Records excerpted from a collection:
——

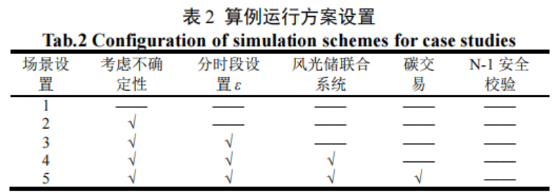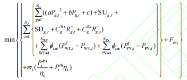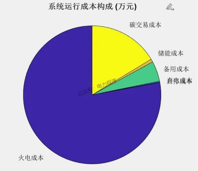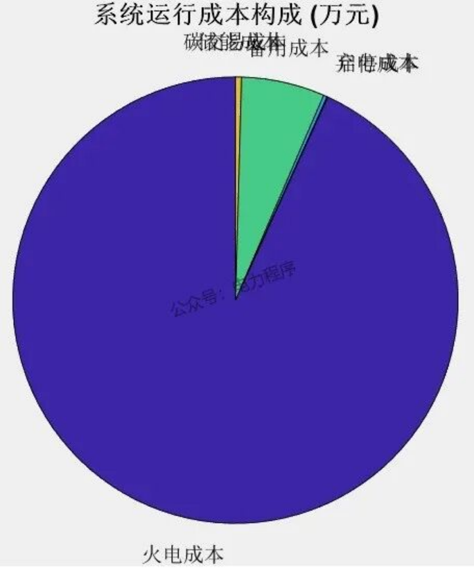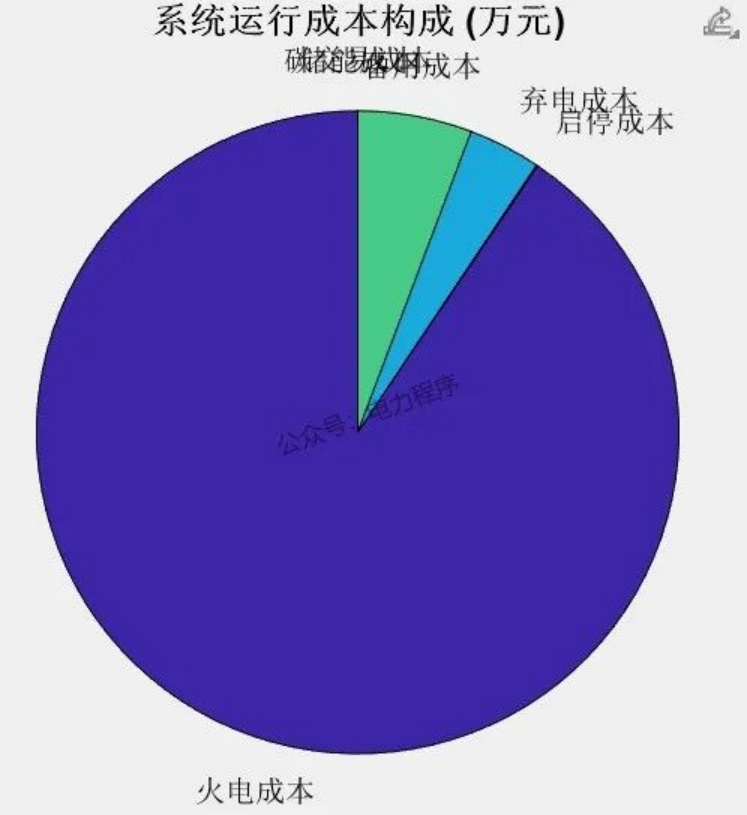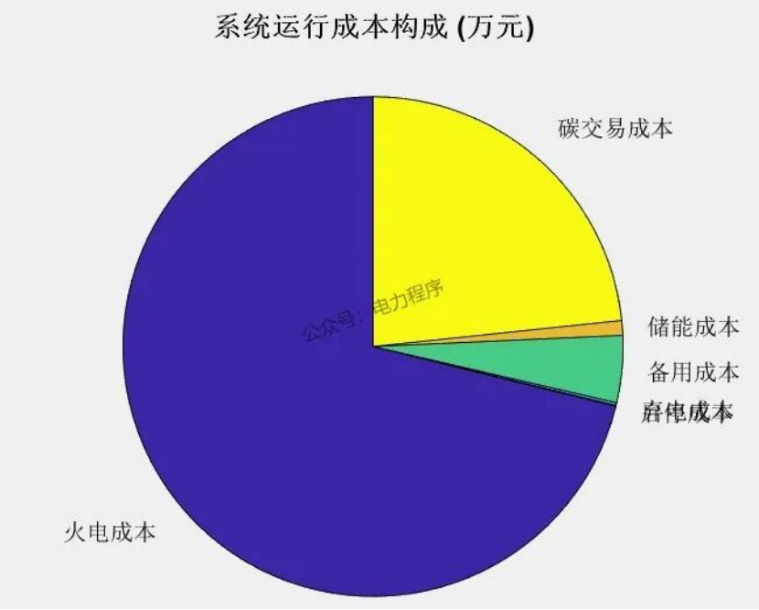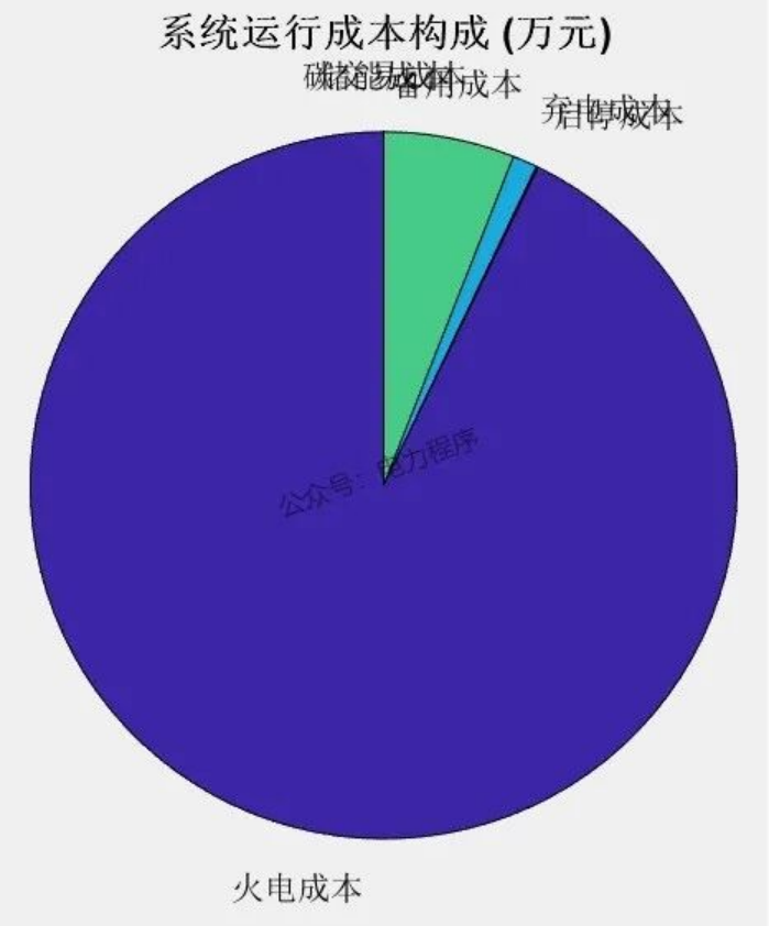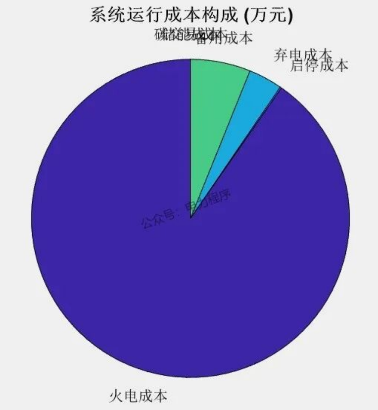 程序以系统运行成本最小化为目标函数,主要包括火电机组发电成本、启/停成本、正负备用成本、弃风弃光成本、储能折旧成本和碳阶梯交易成本。
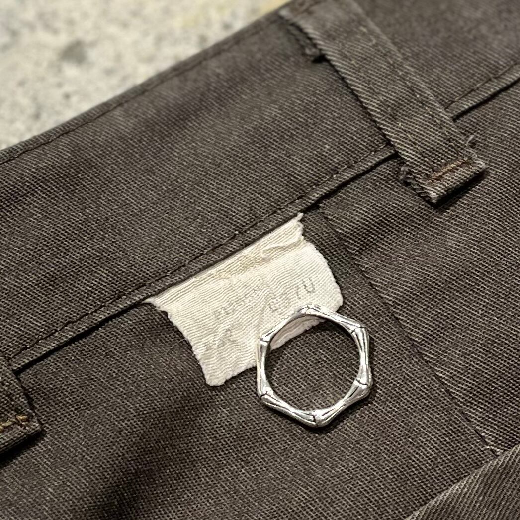 うっすらセンタープレスの色落ちも確認でき、無骨で男臭い印象とどこか綺麗な印象が混在する面白いパンツです
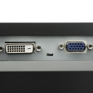 If you have both items, you need to connect your monitor to one end of the VGA cable. The port on the monitor will look like this:
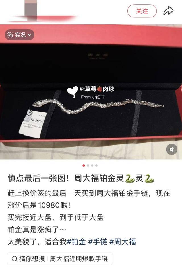 前几天,一位网友赶在涨价前花8380元买了一条14克左右的周大福铂金灵蛇手链,这两天的标签价已经上调到了10980元/克,几天时间标价上调2600元。
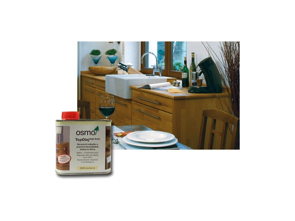 - Top olej zachová povrch dřeva přírodně matný a učiní ho odolný vůči skvrnám a chemikáliím používaným v domácnosti
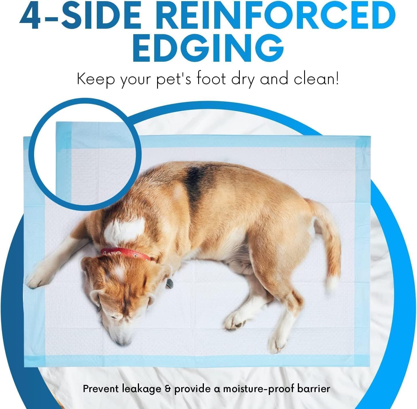 DISPOSABLE, QUICK-DRY & LEAKPROOF. Featuring the reinforced edging on 4 sides and its impenetrable barrier, our wee wee pads for dogs work great in preventing leakage through your flooring, sheets & furnitures. Its advance fast dry mechanism provides quick absorption, fast dry surface, and a moisture-proof anti-slip backing.
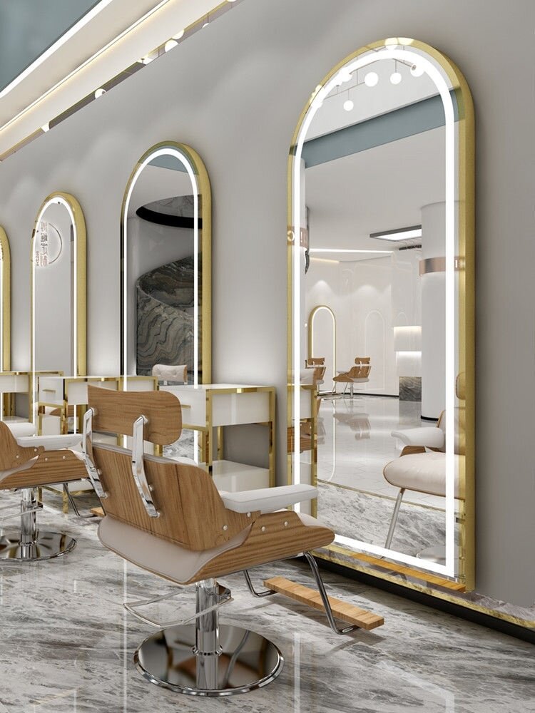 Li Kun touch hair mirror retro aluminum alloy style hair salon mirror table chair set Li Kun shop black gold
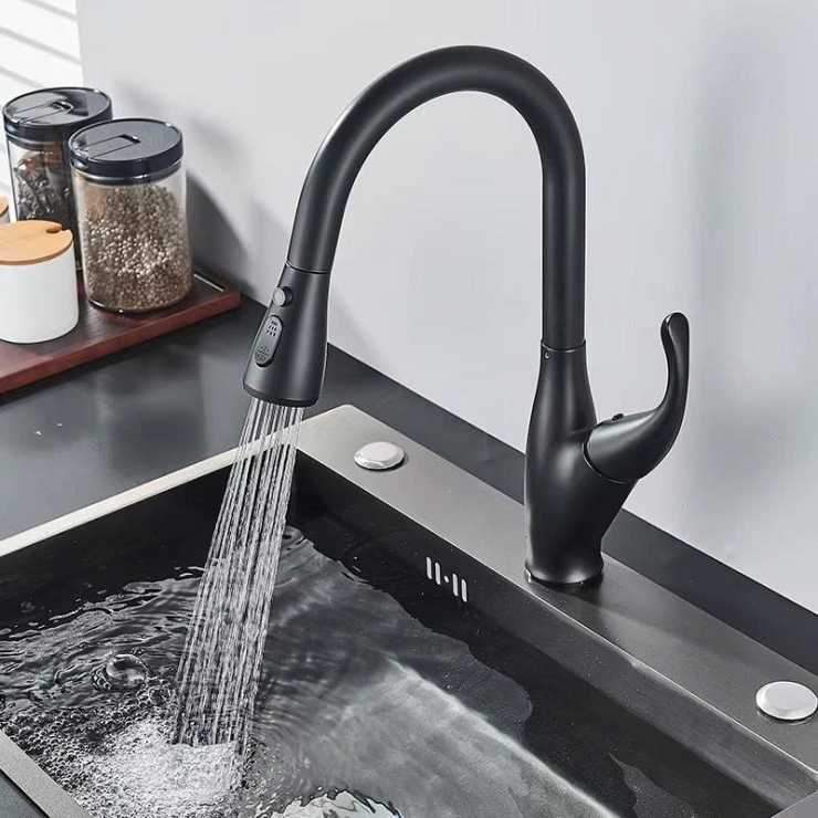 - Thiết kế đặc biệt vừa có thể sử dụng như những vòi rửa bát thông thường vừa có thể kéo dài như vòi sen cho công việc rửa chén bát, rau củ & lấy nước để đun nấu linh hoạt hơn.

——

■ **Work instructions**:
Every record must be transcribed faithfully, with no picture carried over.

■ **Written solution**:
 程序以系统运行成本最小化为目标函数,主要包括火电机组发电成本、启/停成本、正负备用成本、弃风弃光成本、储能折旧成本和碳阶梯交易成本。
 うっすらセンタープレスの色落ちも確認でき、無骨で男臭い印象とどこか綺麗な印象が混在する面白いパンツです
 If you have both items, you need to connect your monitor to one end of the VGA cable. The port on the monitor will look like this:
 前几天,一位网友赶在涨价前花8380元买了一条14克左右的周大福铂金灵蛇手链,这两天的标签价已经上调到了10980元/克,几天时间标价上调2600元。
 - Top olej zachová povrch dřeva přírodně matný a učiní ho odolný vůči skvrnám a chemikáliím používaným v domácnosti
 DISPOSABLE, QUICK-DRY & LEAKPROOF. Featuring the reinforced edging on 4 sides and its impenetrable barrier, our wee wee pads for dogs work great in preventing leakage through your flooring, sheets & furnitures. Its advance fast dry mechanism provides quick absorption, fast dry surface, and a moisture-proof anti-slip backing.
 Li Kun touch hair mirror retro aluminum alloy style hair salon mirror table chair set Li Kun shop black gold
 - Thiết kế đặc biệt vừa có thể sử dụng như những vòi rửa bát thông thường vừa có thể kéo dài như vòi sen cho công việc rửa chén bát, rau củ & lấy nước để đun nấu linh hoạt hơn.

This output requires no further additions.